Soln. 4.4
We follow the development in Section 4.4.1 in the textbook. As usual, we enlarge each observation \(x\in \mathbb{R}^p\) by inserting a constant \(1\) at the head position so that \(x^T \leftarrow (1, x^T)\). Thus we have
\[\begin{equation}
P(G=k|X=x) = \frac{\exp(\beta_k^Tx)}{1 + \sum_{l=1}^{K-1}\exp(\beta_l^Tx)},\ \ k =1,...,K-1\non
\end{equation}\]
and
\[\begin{equation}
P(G=K|X=x) = \frac{1}{1 + \sum_{l=1}^{K-1}\exp(\beta_l^Tx)}.\non
\end{equation}\]
Each \(\beta_k\in \mathbb{R}^{p+1}\) for \(k=1,...,K-1\). Denote \(\beta = \{\beta_1^T, ..., \beta_{K-1}^T\}\) so that \(\beta\) is the \((p+1)(K-1)-\)vector consisting of all the coefficients. Let
\[\begin{equation}
\label{eq:4.4pkxi}
p_k(x;\beta) = P(G=k|X=x).\non
\end{equation}\]
The log-likelihood for \(N\) observations is
\[\begin{equation}
l(\beta) = \sum_{i=1}^N\log p_{g_i}(x_i;\beta).\non
\end{equation}\]
We code the class from \(1\) to \(K\) so that \(l(\beta)\) can be rewritten as
\[\begin{eqnarray}
l(\beta) &=& \sum_{i=1}^N\left(\sum_{k=1}^{K-1}\bb{1}(y_i=k)\log p_k(x_i;\beta) - \bb{1}(y_i=K)\log \left(1+\sum_{l=1}^{K-1}e^{\beta_l^Tx_i}\right)\right)\non\\
&=&\sum_{i=1}^N\left(\sum_{k=1}^{K-1}\bb{1}(y_i=k)\beta_k^Tx_i-\log\big(1+\sum_{l=1}^{K-1}e^{\beta_l^Tx_i}\big)\right)\label{eq:multiclasslrlog}
\end{eqnarray}\]
To maximize the log-likelihood, we set its derivatives to zero.
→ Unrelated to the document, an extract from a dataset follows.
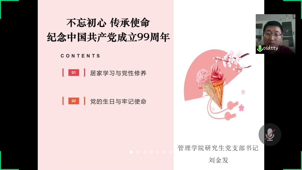 2020年6月23日17时,澳博娱乐 研究生党支部在线上开展"支部书记讲党课"活动。本次党课主题为“不忘初心,传承使命——庆祝中国共产党成立99周年”。澳博娱乐 研究生党支部书记刘金发同志担任主讲人。

These score equations, for \(k=1,...,K-1\), are
\[\begin{eqnarray}
\frac{\partial l(\beta)}{\partial \beta_k} &=& \sum_{i=1}^N \left(\bb{1}(y_i=k)x_i - \frac{x_ie^{\beta_k^Tx_i}}{1+\sum_{l=1}^{K-1}e^{\beta_l^Tx_i}}\right)\non\\
&=&\sum_{i=1}^N x_i\left(\bb{1}(y_i=k) - \frac{e^{\beta_k^Tx_i}}{1+\sum_{l=1}^{K-1}e^{\beta_l^Tx_i}}\right)\in \mathbb{R}^{p+1}\label{eq:multiclasslr1st}
\end{eqnarray}\]
We write
\[\begin{equation}
\label{eq:multiclasslr1stmat}
\frac{\partial l(\beta)}{\partial \beta} =
\begin{pmatrix}
\frac{\partial l(\beta)}{\partial \beta_1}\\
\vdots\\
\frac{\partial l(\beta)}{\partial \beta_{K-1}}
\end{pmatrix}\in \mathbb{R}^{(p+1)(K-1)}.
\end{equation}\]
We next look for the second order derivatives of \(\beta\). By \(\eqref{eq:multiclasslr1st}\), for \(k\neq j \in \{1,...,K-1\}\), we get
\[\begin{eqnarray}
\frac{\partial^2 l(\beta)}{\partial \beta_k\partial \beta_j^T}
&=& \sum_{i=1}^Nx_i \left(-\frac{e^{\beta_j^Tx_i}x_i^Te^{\beta_k^Tx_i}}{(1+\sum_{l=1}^{K-1}e^{\beta_l^Tx_i})^2}\right)\non\\
&=& - \sum_{i=1}^Nx_ix_i^T\frac{e^{\beta_k^Tx_i}}{1+\sum_{l=1}^{K-1}e^{\beta_l^Tx_i}}\cdot \frac{e^{\beta_j^Tx_i}}{1+\sum_{l=1}^{K-1}e^{\beta_l^Tx_i}}\non\\
&=& - \sum_{i=1}^Nx_ix_i^Tp_k(x_i;\beta)p_j(x_i;\beta).\label{eq:multiclasslr2nd}
\end{eqnarray}\]
For \(k\in \{1,..., K-1\}\), we have
\[\begin{eqnarray}
\frac{\partial^2 l(\beta)}{\partial \beta_k\partial \beta_k^T}
&=&\sum_{i=1}^Nx_i \left(-\frac{e^{\beta_k^T}x_i^T}{(1+\sum_{l=1}^{K-1}e^{\beta_l^Tx_i})^2}\right)\non\\
&=&-\sum_{i=1}^Nx_ix_i^T\frac{e^{\beta_k^T}}{1+\sum_{l=1}^{K-1}e^{\beta_l^Tx_i}}\cdot\frac{1}{1+\sum_{l=1}^{K-1}e^{\beta_l^Tx_i}}\non\\
&=&-\sum_{i=1}^Nx_ix_i^Tp_k(x_i;\beta)p^c_k(x_i;\beta),\label{eq:multiclasslr2nd2}
\end{eqnarray}\]
where \(p^c_k(x_i;\beta) = 1 - p_k(x_i;\beta)\).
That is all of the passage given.